Does Nomad offer any access to some of the power management features on hosts with the Nomad client installed? I’m specifically thinking about stuff like controlling the number of cores available or frequency scaling on a host.
If it helps, I’m asking in the context of this paper here - which has some really interesting ideas which I think might be relevant to orchestration with Nomad:
This podcast here, with the founder of EmeraldAI, a company commercialising this idea is of interest too:
Anyway, here’s the abstract from the paper “Turning AI Data Centers into Grid-Interactive Assets: Results from a Field Demonstration in Phoenix, Arizona”, that got me thinking about the applicability of Nomad in this way.
The paper talks about using just scheduling control to meaningfully control the power used by a cluster of servers, so that when a demand from the signal to reduce load came in, it was possible to meet the request using only software:
Conducted at a 256-GPU cluster running representative AI workloads within a commercial, hyperscale cloud data center in Phoenix, Arizona, the trial achieved a 25% reduction in cluster power usage for three hours during peak grid events while maintaining AI quality of service (QoS) guarantees. By orchestrating AI workloads based on real-time grid signals without hardware modifications or energy storage, this platform reimagines data centers as grid-interactive assets that enhance grid reliability, advance affordability, and accelerate AI’s development.
One of the key ideas here is that a payoff of flexible use of compute is that it becomes easier to accommodate new loads on the grid, without needing to rely on building more gas turbines.
This is good from a climate perspective (my interest), but for people who are trying to get capacity online, and given that there is a years-long backlog for new gas turbines, it might mean deploying faster.
Here’s the relevant part in the paper:
Recent studies demonstrate that load flexibility for AI data centers to reduce power use by roughly 25% for up to 200 hours a year, or far less than 1% of the time, could unlock up to 100 GW of new data center capacity in the U.S. without requiring extensive new generation or transmission infrastructure [11, 13]–enough to meet projected AI growth for the next decade.
I think the extra capacity this would free up is comparable to 2x all active data center capacity in the USA in 2024 (!).

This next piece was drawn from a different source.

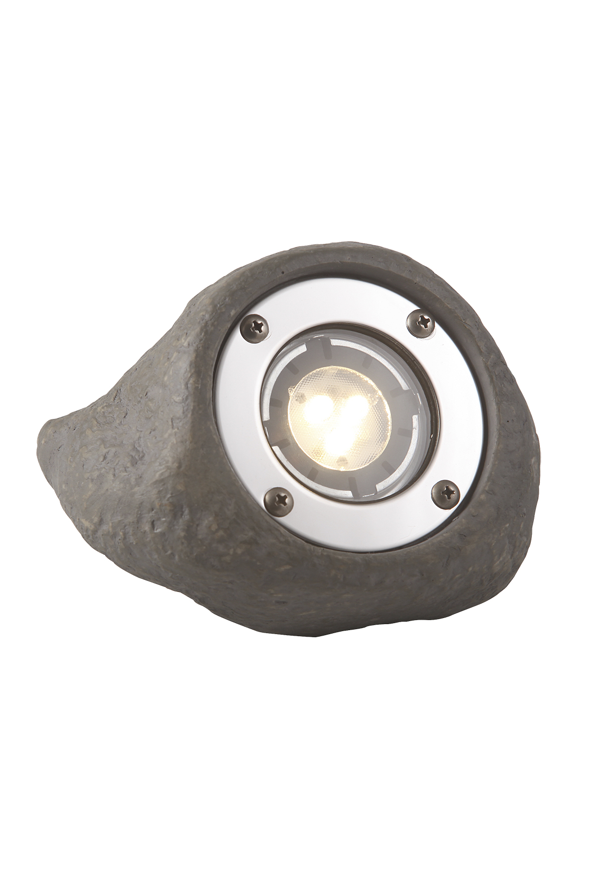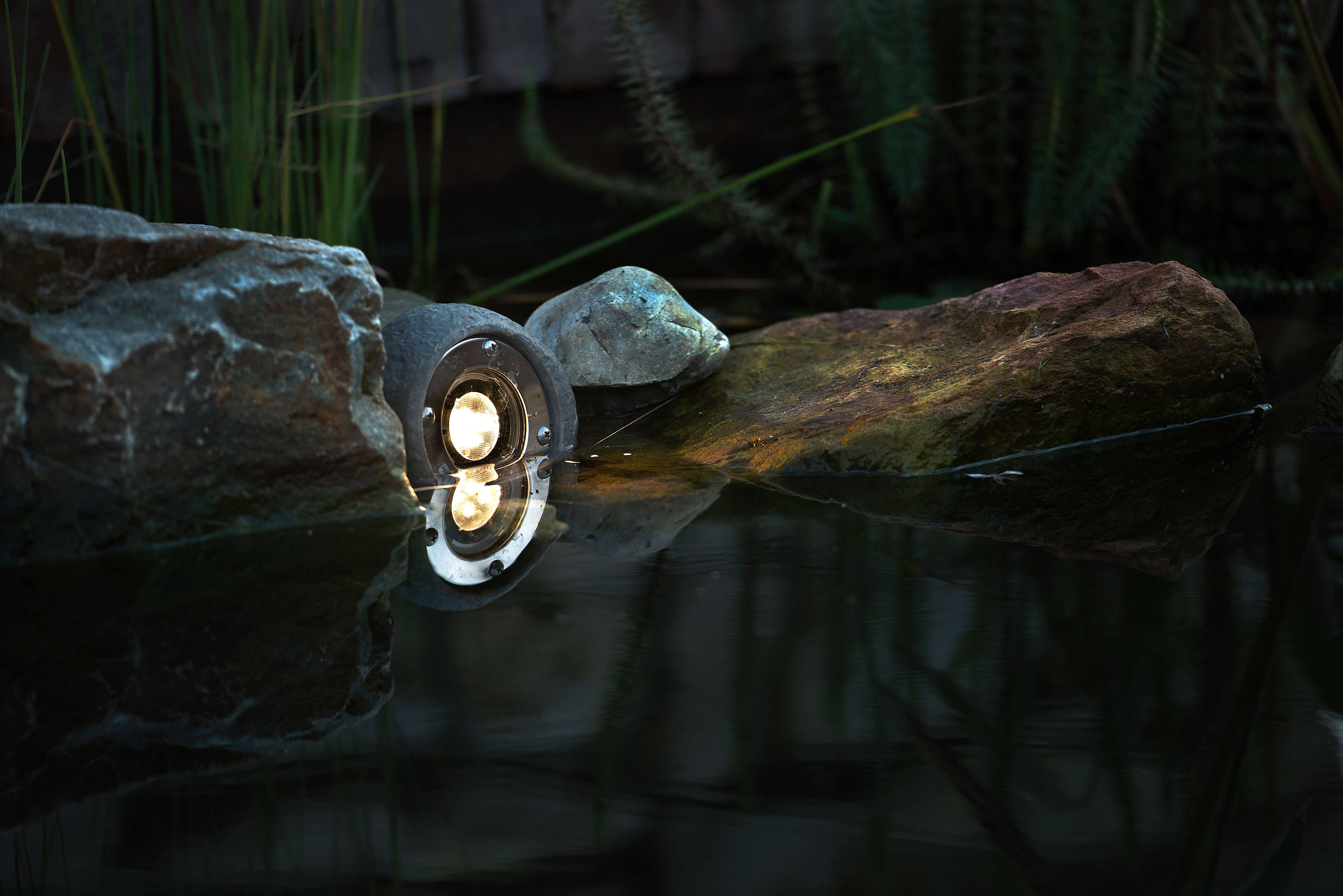 Aivan luonnollisen kiven näköinen ja painoinen kohdevalaisin jonka voi asentaa vaikkapa vesilähteeseen tai rantaveteen.

How to do this with Nomad?
From what I can tell, the approach used is based around classifying jobs based on how tolerant they are to changes made to a host machine, that affect how quickly it can run a job. The scheduler would then make runtime changes to the machines full of jobs that would tolerate changes by, scaling back the clock frequency, or cores in use. From memory, I think there were some different re-scheduling and checkpointing decisions made too.
From the paper:
Our workload tagging schema classifies jobs into flexibility tiers based on user tolerance for runtime or throughput deviations.
And then later, how it uses this classification
(the conductor) dynamically schedules jobs, modifies resource allocations for each job, and applies power-limiting techniques such as GPU frequency scaling. To guide its decisions, Conductor uses the Emerald Simulator, a system-level model trained to predict the power-performance behavior of AI jobs. The simulator evaluates the trade-offs of various orchestration strategies under operational constraints and grid needs, recommending an orchestration strategy to assure AI workload QoS guarantees while also meeting power grid response commitments.
I think this seems doable with Nomad jobs, with the ‘meta’ tagging feature listed below:
https://developer.hashicorp.com/nomad/docs/job-specification/meta
But to do this, I think you would need to be able to make live changes to hosts in response to signals from the grid, like demand on the grid or grid carbon intensity.
In the paper, I think there are two main mechanisms used to control power demand to stay inside a given power envelope that is changing based on demand on the grid:
- how many cores / GPUs are available at a given time, and
- the frequency of all those cores are running at (I think this is done through variable frequency scaling)
I know a while back there was an experimental fork of nomad that had some of these scheduling ideas built in:
and here’s the README for it
Does anyone know if further work with Nomad has been carried out, or if there have been any further experiments since then?